To access such data from the "name" Element (which we will call my_element below) you would do the following.

my_element.attrib['code'] # O7TSZ97GEP
my_element.attrib['codeSystem'] # 2.16.840.1.113883.4.9

The aspect of XML that we are interested in learning about are XPath expressions. XPath expressions are a clear and effective way to extract elements from an XML document (or HTML document — think extracting data from a webpage!).

In the previous question you used an XPath expression to find all of the ingredient elements, regardless where they were or how they were nested in the document. Let’s practice more.

If you look at the XML document, you will see that there are a lot of code attributes. Use lxml and XPath expressions to first extract all elements with a code attribute. Print all of the values of the code attributes.

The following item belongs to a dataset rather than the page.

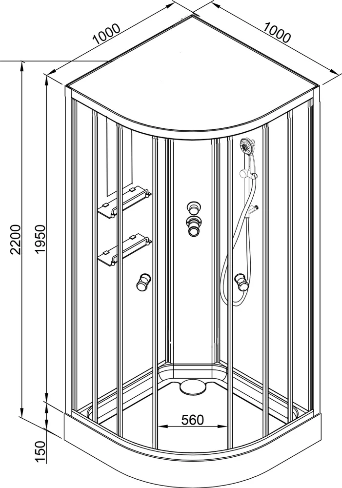 - Размеры (ш/г/в): 100х100х208

Repeat the process, but modify your XPath expression so that it only keeps elements that have a code attribute that starts with a capital "C". Print all of the values of the code attributes.

You can use the .attrib attribute to access the attributes of an Element. It is a dict-like object, so you can access the attributes similarly to how you would access the values in a dictionary.

This link may help you when figuring out how to select the elements where the code attribute must start with "C".

Items to submit
  • Code used to solve this problem.

  • Output from running the code.

Solution
elements_with_codes = hawaii.xpath("//ns:*[@code]", namespaces={'ns':'urn:hl7-org:v3'})

for element in elements_with_codes:
    print(element.attrib['code'])
34390-5
48780-1
72135-029
C47916
72135-029-02
C43197
C53292
active
42555-060
C42907
O7TSZ97GEP
059QF0KO0R
506T60A25R
368GB5141J
K679OBS311
O352864B8Z
SB8ZUX40TY
C810JCZ56Q
Q80VPU408O
42555-060-94
C42794
SPLCMBPRDTP
C112160
C73603
USA
C53292
active
SPLFLAVOR
C73404
SPLCOLOR
C48325
C38197
70680-308
C29167
W2ZU1RY8B0
7G1J5DA97F
4OXD9M35X2
8LGU7VM393
R0ZB2556P8
SOI2LOH54Z
13S1S8SF37
70680-308-00
C43199
SPLCMBPRDTP
C112160
C73604
USA
C53292
active
C38304
C73604
USA
C53292
active
42229-5
55106-9
55105-1
34067-9
34071-1
50565-1
34068-7
51727-6
53413-1
42229-5
55106-9
55105-1
34067-9
34071-1
50570-1
50566-9
50567-7
50565-1
34068-7
51727-6
42229-5
51945-4
51945-4
51945-4
elements_with_codes = hawaii.xpath("//ns:*[starts-with(@code, 'C')]", namespaces={'ns':'urn:hl7-org:v3'})

for element in elements_with_codes:
    print(element.attrib['code'])
C47916
C43197
C53292
C42907
C810JCZ56Q
C42794
C112160
C73603
C53292
C73404
C48325
C38197
C29167
C43199
C112160
C73604
C53292
C38304
C73604
C53292

Question 5

The quantity element contains a numerator and a denominator element. Print all of the quantities in the XML file, where a quantity is defined as the value of the value attribute of the numerator element divided by the value of the value attribute of the corresponding denominator element. Lastly, print the unit (part of the numerator element afterwards.

The results should read as follows:

1.0 1
5.0 g
7.6 mg
5.0 g
4.0 g
230.0 mg
4.0 g

You may need to use the float function to convert the string values to floats.

You can use the xpath method on an Element object. When doing so, if you want to limit the scope of your XPath expression, make sure to start the xpath with ".//ns:" this will start the search from within the element instead of searching the entire document.

Items to submit
  • Code used to solve this problem.

  • Output from running the code.

Solution
quantities = hawaii.xpath("//ns:quantity", namespaces={'ns':'urn:hl7-org:v3'})

for q in quantities:
    num = q.xpath(".//ns:numerator", namespaces={'ns':'urn:hl7-org:v3'})[0]
    den = q.xpath(".//ns:denominator", namespaces={'ns':'urn:hl7-org:v3'})[0]
    print(f'{float(num.attrib["value"])/float(den.attrib["value"])} {num.attrib["unit"]}')
1.0 1
5.0 g
7.6 mg
5.0 g
4.0 g
230.0 mg
4.0 g

Please make sure to double check that your submission is complete, and contains all of your code and output before submitting. If you are on a spotty internet connect ion, it is recommended to download your submission after submitting it to make sure what you think you submitted, was what you actually submitted.

In addition, please review our submission guidelines before submitting your project.